This week’s focus turns to Bitcoin’s sharp pullback to its lowest levels since May, a move that has rattled sentiment.
While BTC corrects from October’s highs, macro conditions are shifting as expectations for a December Fed rate cut decline sharply, tightening short-term liquidity. Equities have also pulled back from recent highs, and with global valuations diverging, investors are reassessing risk as we move deeper into Q4.
Here’s what we’ll cover today:
🌍 Market Recap & Macro Overview: Bitcoin drops to its lowest levels since May as broader markets correct. Fed rate-cut expectations fall from nearly 25 bps to just ~10 bps. S&P 500 pulls back under 6,800, while U.S.–international equity valuations diverge sharply. What this means for global risk assets and crypto positioning.
📈 Bitcoin (BTC) Breakdown: BTC breaks below $98,900 and sweeps down to $95,980, fully closing a long-open CME gap. ETF flows show heavy mid-week outflows with $866M exiting on Thursday alone. Key levels, gaps, and actionable setups covered.
📊 Ethereum (ETH) Outlook: ETH approaches its key $3,059 support again after bouncing earlier in the week. ETF flows remain decisively negative. Heatmap positioning shows liquidation clusters building above $3,672, keeping a potential reversal scenario in play.
🚀 Solana (SOL) Analysis: SOL loses both $160 and $143 support and trades near $140. SOL/BTC prints a new technical extreme, confirming continued underperformance. Heatmap shows major liquidation interest above 170.
Let’s dive in 👇
🌍 Market Recap & Macro Overview:
Bitcoin has retreated to its lowest levels since May, trading around $97,000 after reaching highs near $126,000 in October. While the decline has been sharp, it's important to remember that BTC remains significantly higher than earlier in the year, and corrections of this size are typical within broader bull cycles. For investors who have been underallocated or waiting for more favorable entry points, this pullback may present an opportunity to begin building exposure through dollar-cost averaging or initial allocation, especially given Bitcoin’s historical pattern of recovering strongly from similar drawdowns.

Bitcoin Drops to Lowest Since May (Source: Bloomberg)
Market expectations for a December Federal Reserve rate cut have also shifted, moving from nearly a fully priced 25 bps cut to barely 10 bps anticipated as of Thursday. While this reduction in easing expectations removes some of the near-term macro tailwinds, it also signals that economic conditions remain solid enough for the Fed to adjust policy gradually rather than resorting to emergency measures. In other words, the broader macro backdrop remains stable, even if markets temporarily recalibrate.

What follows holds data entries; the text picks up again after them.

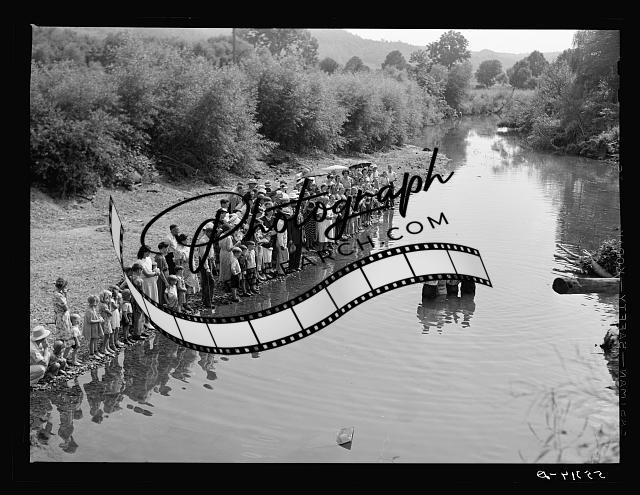Title: Members of the Primitive Baptist Church in Morehead, Kentucky, attending a creek baptizing by submersion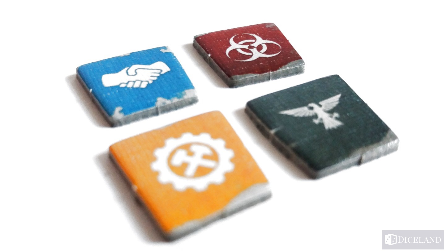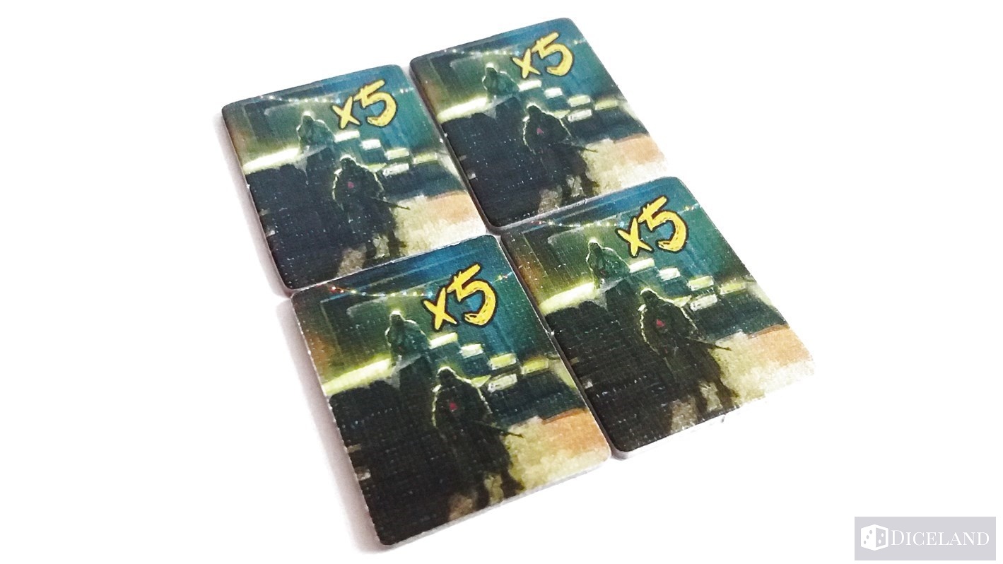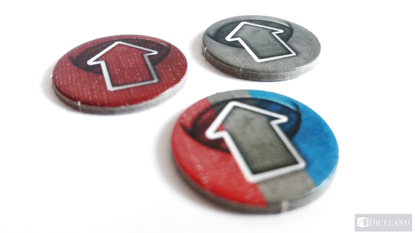 Do gry dołączony jest również tor punktacji oraz kilka dodatkowych żetonów: tarczy, przebudowy, mnożenia, naboi, 4 żetony punktacji po jednym dla każdej frakcji, żeton pierwszego gracza oraz żeton „właściciela gry”.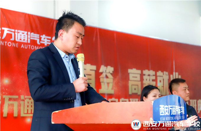 陜西博宏人事總監李總詳細分析了當前我國汽車服務企業發展的形式以及未來汽車后服務市場人才的發展方向,并對西安萬通的辦學水平給予高度評價。他表示通過校企定向培養,能夠依據市場需求,定制國家、行業急需的人才,助力市場經濟發展。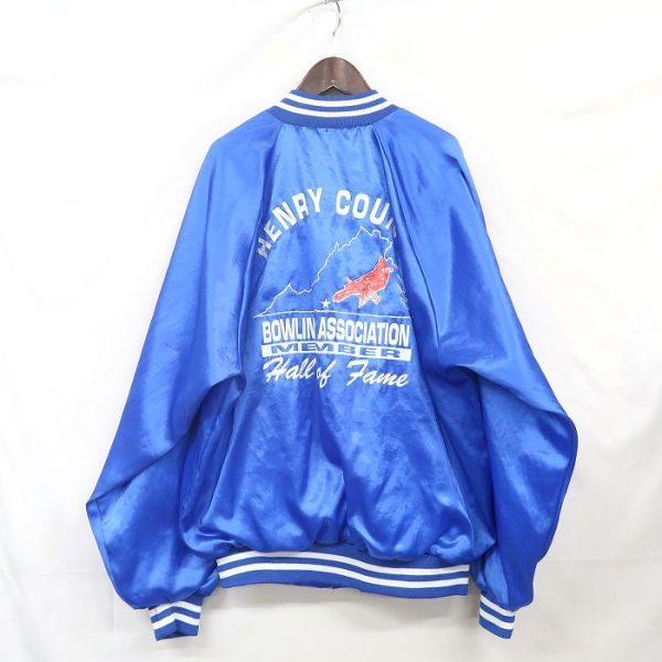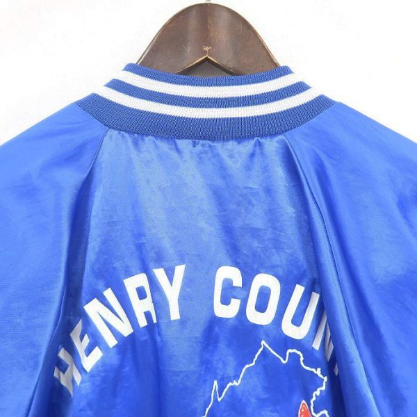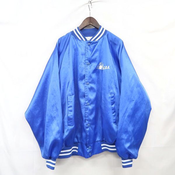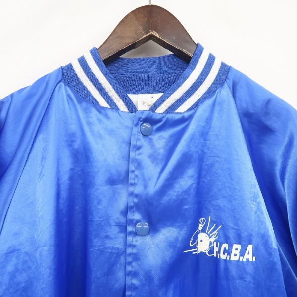 :ビンテージのスタジアムジャンパーです。カラーはブルー、素材はナイロンになります。

Bets on a December Fed Rate Cut Waver (Source: Bloomberg)
The S&P 500 has pulled back below 6,800 after reaching highs above 6,900, raising short-term technical concerns for momentum traders. However, zooming out tells a different story: the index remains far above the April panic lows near 5,000, and pullbacks of this magnitude are normal within a long-term uptrend. Periods like this often improve the risk-reward profile for quality companies with strong fundamentals, making selective accumulation more attractive.

S&P 500 Tumbles Below 6,800 (Source: Bloomberg)
U.S. equities continue to trade at a substantial premium to international markets, with the S&P 500 valued at roughly 23x forward earnings compared to about 15x for the MSCI ex-USA index. This nearly 50% valuation gap highlights the importance of geographic diversification and selective positioning. While U.S. markets have delivered outstanding returns, the current spread suggests that incremental capital may find better risk-adjusted opportunities in international equities or alternative assets, especially for investors already heavily concentrated in U.S. exposure.

US Stocks Are Very Expensive (Source: Bloomberg)
The Bottom Line:
While current market weakness may feel uncomfortable, corrections are a healthy and necessary part of broader market cycles and they often set the stage for strong future performance. For investors considering Bitcoin exposure, this pullback offers a materially more attractive entry than the recent highs. Importantly, the market environment does not resemble a cycle peak: we are still far from the euphoric sentiment that typically marks macro tops. As discussed in our previous frameworks, liquidity was expected to tighten into late October and early November, and our data continues to support the thesis for stronger performance into year-end as these seasonal headwinds begin to ease.